**ASSIGNED TASK**
Word for word, repeat the data; no picture should appear in the result.

**INFORMATION SHOWN**
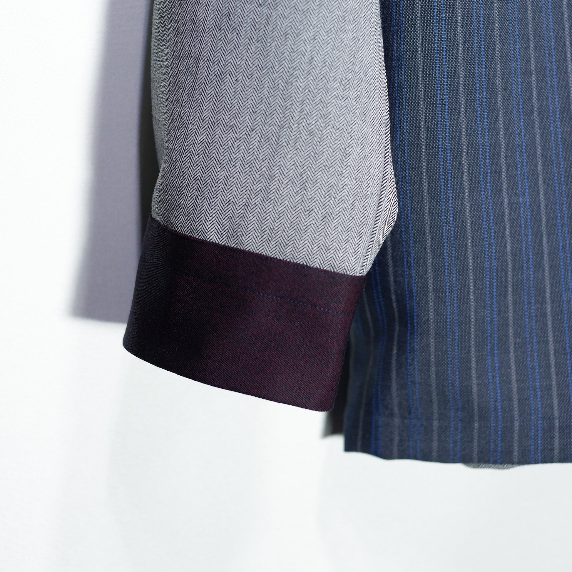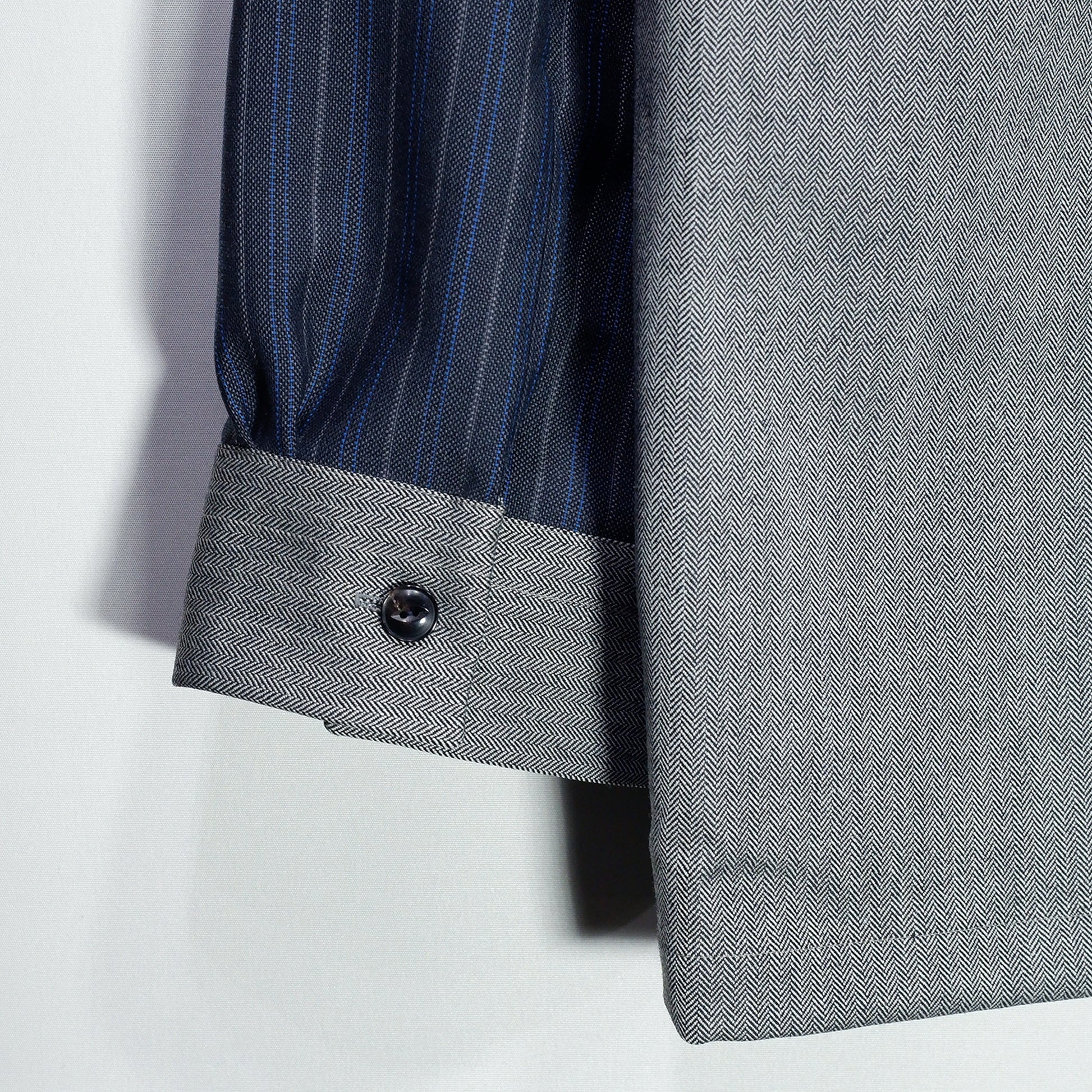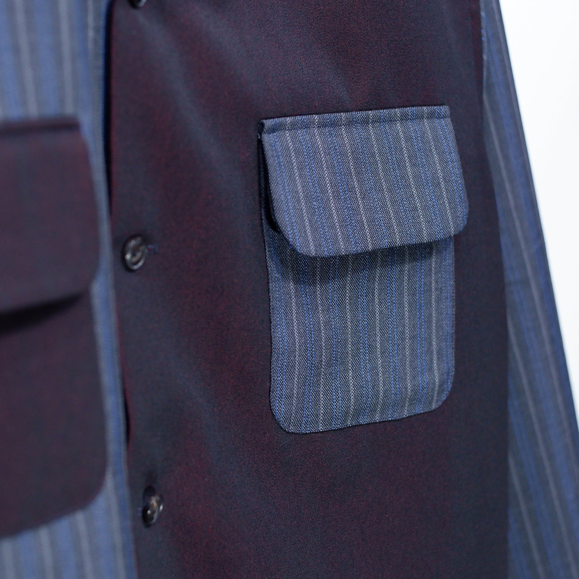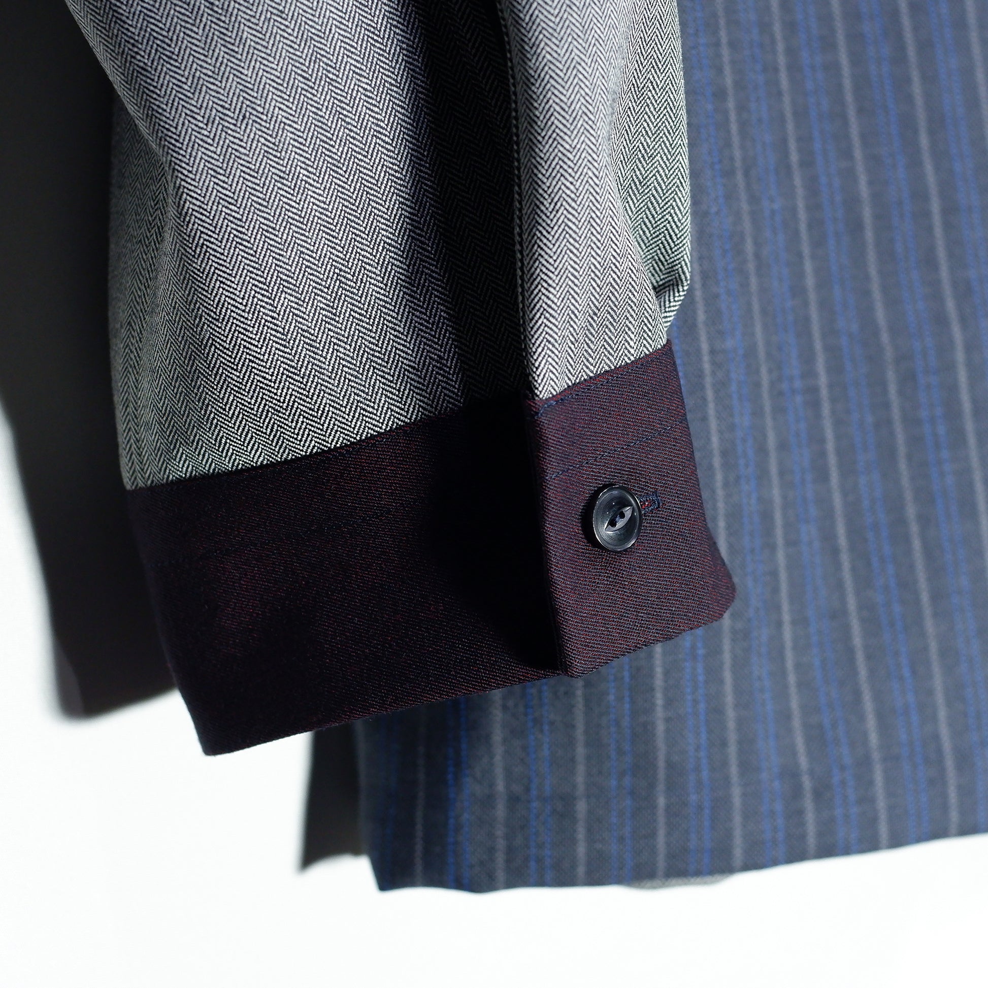 高級スーツ生地ならではの質感・重量感・表情を、シャツという日常的なアイテムに落とし込んだ特別な一着です。プロダクト自体がアーカイブであり、同一の再現ができない希少性こそが価値となっております。
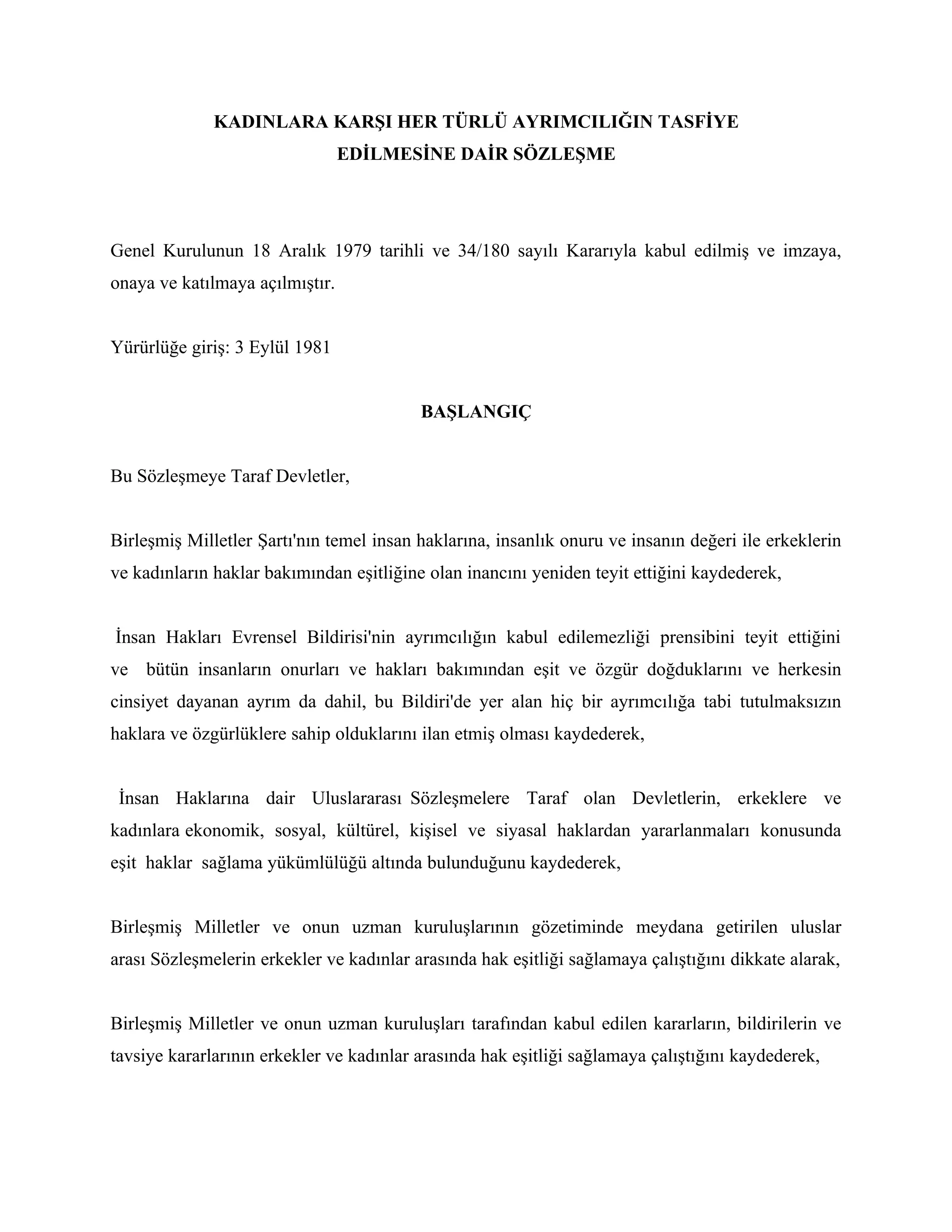 Genel Kurulunun 18 Aralık 1979 tarihli ve 34/180 sayılı Kararıyla kabul edilmiş ve imzaya,
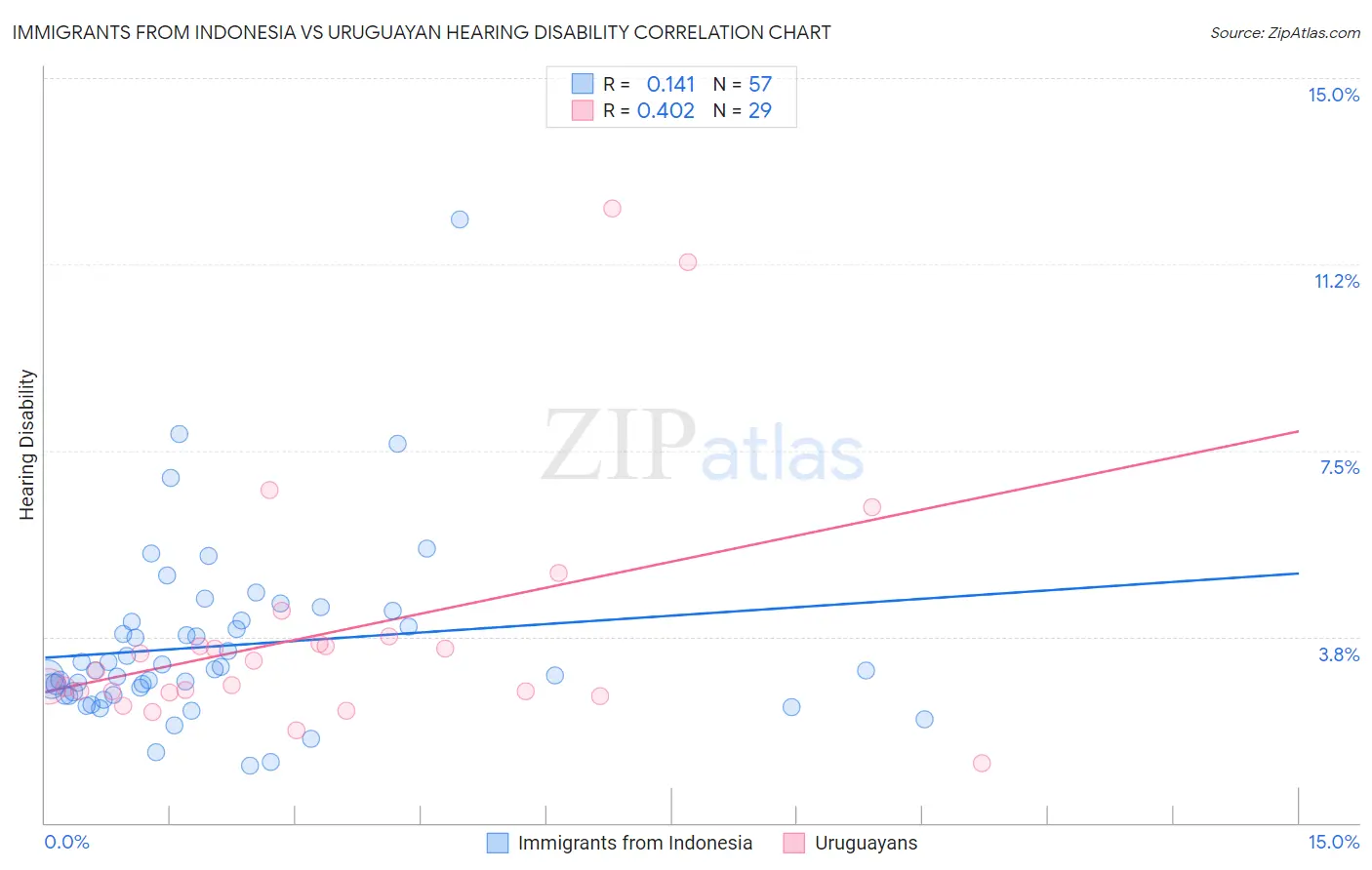 Immigrants from Indonesia vs Uruguayan Hearing Disability Correlation Chart

**YOUR SOLUTION**
 高級スーツ生地ならではの質感・重量感・表情を、シャツという日常的なアイテムに落とし込んだ特別な一着です。プロダクト自体がアーカイブであり、同一の再現ができない希少性こそが価値となっております。
 Genel Kurulunun 18 Aralık 1979 tarihli ve 34/180 sayılı Kararıyla kabul edilmiş ve imzaya,
 Immigrants from Indonesia vs Uruguayan Hearing Disability Correlation Chart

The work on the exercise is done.